◆ Exercise materials:
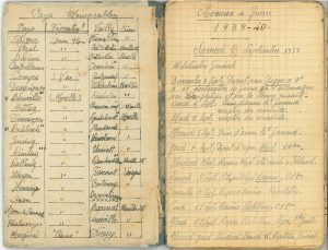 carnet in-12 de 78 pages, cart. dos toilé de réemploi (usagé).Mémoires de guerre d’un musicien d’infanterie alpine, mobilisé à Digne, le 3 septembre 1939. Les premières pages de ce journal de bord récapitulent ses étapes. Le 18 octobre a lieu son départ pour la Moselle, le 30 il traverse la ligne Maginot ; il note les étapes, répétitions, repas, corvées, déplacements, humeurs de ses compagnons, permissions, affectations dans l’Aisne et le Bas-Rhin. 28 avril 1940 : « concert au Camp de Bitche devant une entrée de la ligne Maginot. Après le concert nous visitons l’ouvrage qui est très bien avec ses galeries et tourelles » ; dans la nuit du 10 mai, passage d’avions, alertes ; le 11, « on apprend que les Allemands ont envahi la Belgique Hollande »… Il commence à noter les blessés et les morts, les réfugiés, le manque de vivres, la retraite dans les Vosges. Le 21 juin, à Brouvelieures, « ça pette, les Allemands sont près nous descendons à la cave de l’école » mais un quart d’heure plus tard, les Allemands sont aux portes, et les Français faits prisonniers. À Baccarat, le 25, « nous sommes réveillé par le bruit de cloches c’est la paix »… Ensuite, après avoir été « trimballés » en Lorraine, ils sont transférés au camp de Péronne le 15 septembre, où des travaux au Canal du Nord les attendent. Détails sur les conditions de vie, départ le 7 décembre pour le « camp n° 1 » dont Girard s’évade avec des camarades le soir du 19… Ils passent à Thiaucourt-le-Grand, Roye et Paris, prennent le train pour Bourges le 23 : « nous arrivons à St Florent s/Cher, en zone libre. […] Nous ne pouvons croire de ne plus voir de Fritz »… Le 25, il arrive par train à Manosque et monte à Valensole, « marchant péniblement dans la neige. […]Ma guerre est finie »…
...
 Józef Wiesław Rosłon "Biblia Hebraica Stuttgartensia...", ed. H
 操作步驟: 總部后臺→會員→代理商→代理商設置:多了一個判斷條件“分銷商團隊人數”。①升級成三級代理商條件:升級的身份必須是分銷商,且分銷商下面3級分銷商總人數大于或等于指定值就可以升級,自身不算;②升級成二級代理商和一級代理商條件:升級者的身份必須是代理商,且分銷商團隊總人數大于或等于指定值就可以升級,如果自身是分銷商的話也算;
--
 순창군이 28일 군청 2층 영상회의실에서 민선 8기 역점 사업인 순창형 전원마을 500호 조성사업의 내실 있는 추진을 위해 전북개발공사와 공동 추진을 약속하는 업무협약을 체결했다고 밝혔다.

◆ Activity:
From the records above, transcribe exactly the run of lines that opens with the line holding "Józef Wiesław Rosłon" and closes with the line holding "操作步驟: 總部后臺→會員→", both included.

◆ Response box:
 Józef Wiesław Rosłon "Biblia Hebraica Stuttgartensia...", ed. H
 操作步驟: 總部后臺→會員→代理商→代理商設置:多了一個判斷條件“分銷商團隊人數”。①升級成三級代理商條件:升級的身份必須是分銷商,且分銷商下面3級分銷商總人數大于或等于指定值就可以升級,自身不算;②升級成二級代理商和一級代理商條件:升級者的身份必須是代理商,且分銷商團隊總人數大于或等于指定值就可以升級,如果自身是分銷商的話也算;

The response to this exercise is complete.